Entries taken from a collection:
^^^^^^^^^^^^^^^^

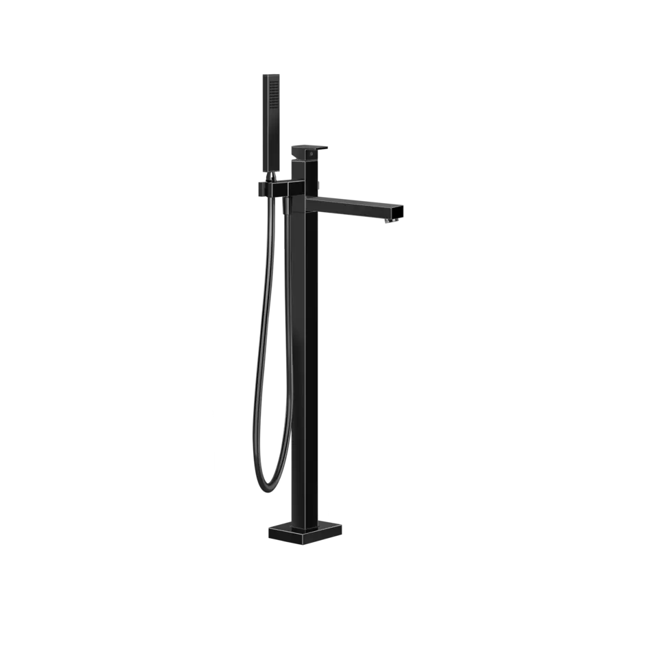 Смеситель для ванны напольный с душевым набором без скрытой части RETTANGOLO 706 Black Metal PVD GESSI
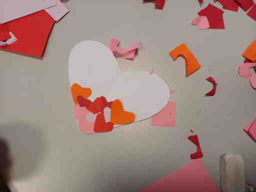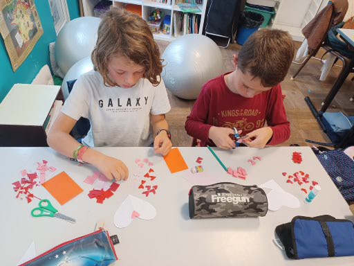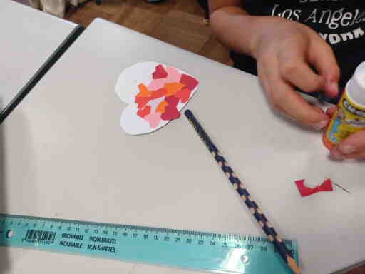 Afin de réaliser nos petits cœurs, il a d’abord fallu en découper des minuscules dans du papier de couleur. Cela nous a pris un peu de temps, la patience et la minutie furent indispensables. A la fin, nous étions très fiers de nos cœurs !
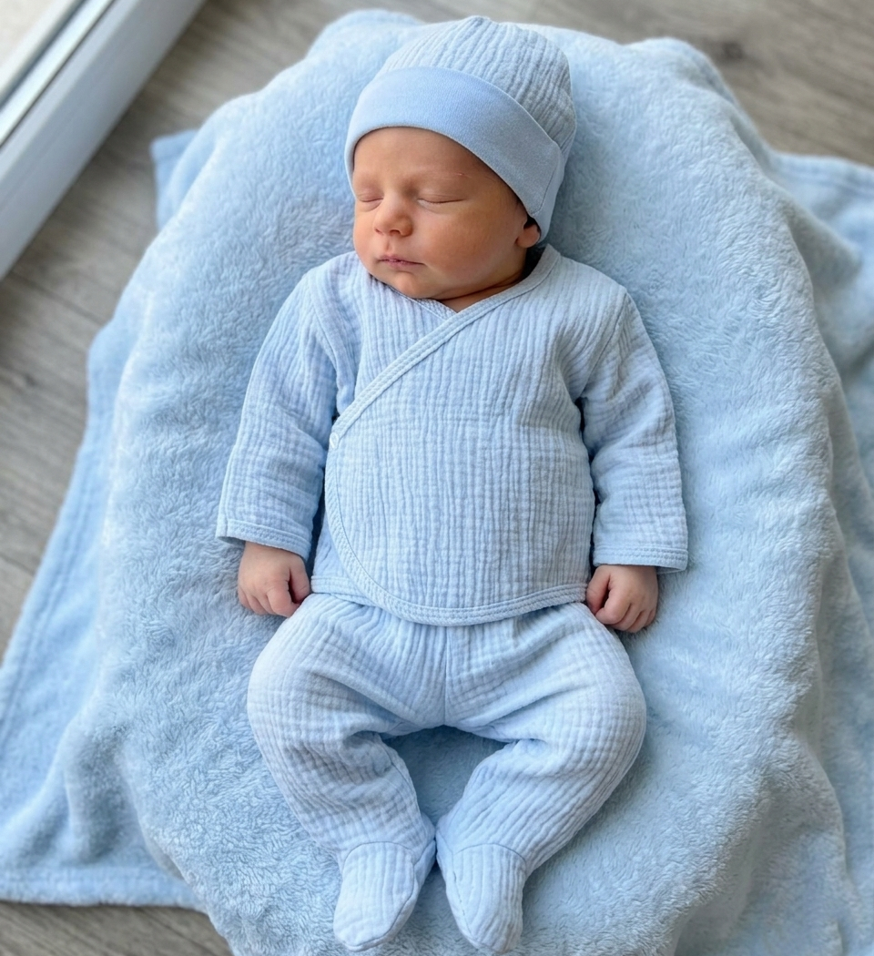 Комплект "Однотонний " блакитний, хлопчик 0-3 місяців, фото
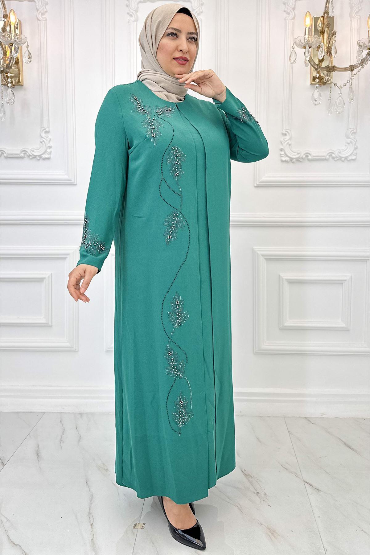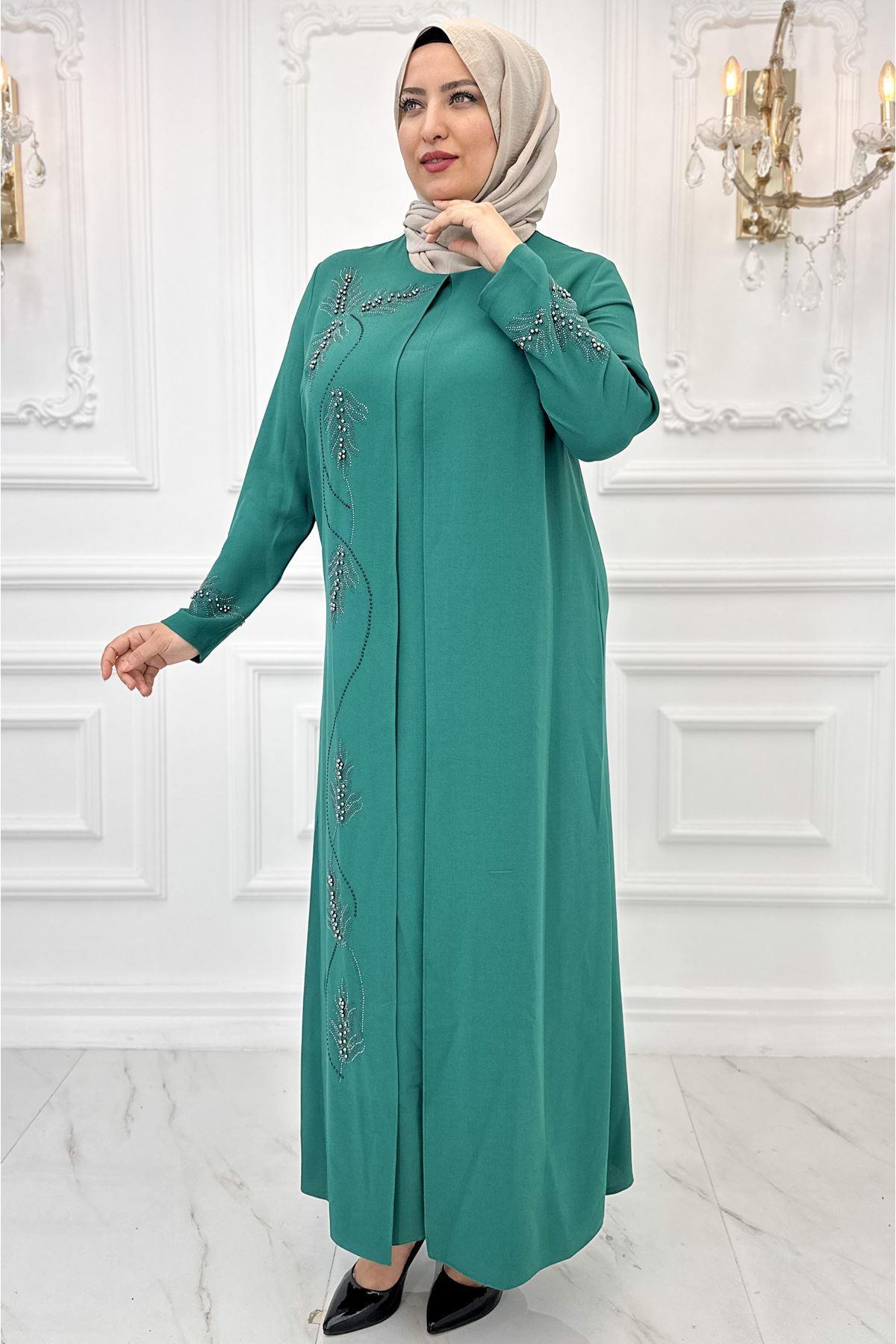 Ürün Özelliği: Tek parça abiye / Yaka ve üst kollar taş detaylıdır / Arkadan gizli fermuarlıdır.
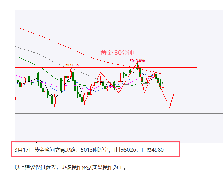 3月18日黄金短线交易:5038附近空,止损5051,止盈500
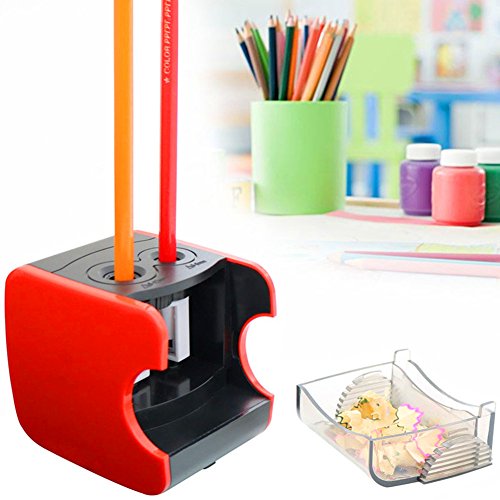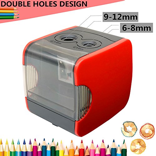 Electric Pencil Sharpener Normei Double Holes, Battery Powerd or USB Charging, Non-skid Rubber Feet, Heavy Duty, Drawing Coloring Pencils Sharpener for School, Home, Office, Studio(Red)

^^^^^^^^^^^^^^^^

• _What you need to do_
With every picture removed, give the entries above again exactly.

• _Answer_
 Смеситель для ванны напольный с душевым набором без скрытой части RETTANGOLO 706 Black Metal PVD GESSI
 Afin de réaliser nos petits cœurs, il a d’abord fallu en découper des minuscules dans du papier de couleur. Cela nous a pris un peu de temps, la patience et la minutie furent indispensables. A la fin, nous étions très fiers de nos cœurs !
 Комплект "Однотонний " блакитний, хлопчик 0-3 місяців, фото
 Ürün Özelliği: Tek parça abiye / Yaka ve üst kollar taş detaylıdır / Arkadan gizli fermuarlıdır.
 3月18日黄金短线交易:5038附近空,止损5051,止盈500
 Electric Pencil Sharpener Normei Double Holes, Battery Powerd or USB Charging, Non-skid Rubber Feet, Heavy Duty, Drawing Coloring Pencils Sharpener for School, Home, Office, Studio(Red)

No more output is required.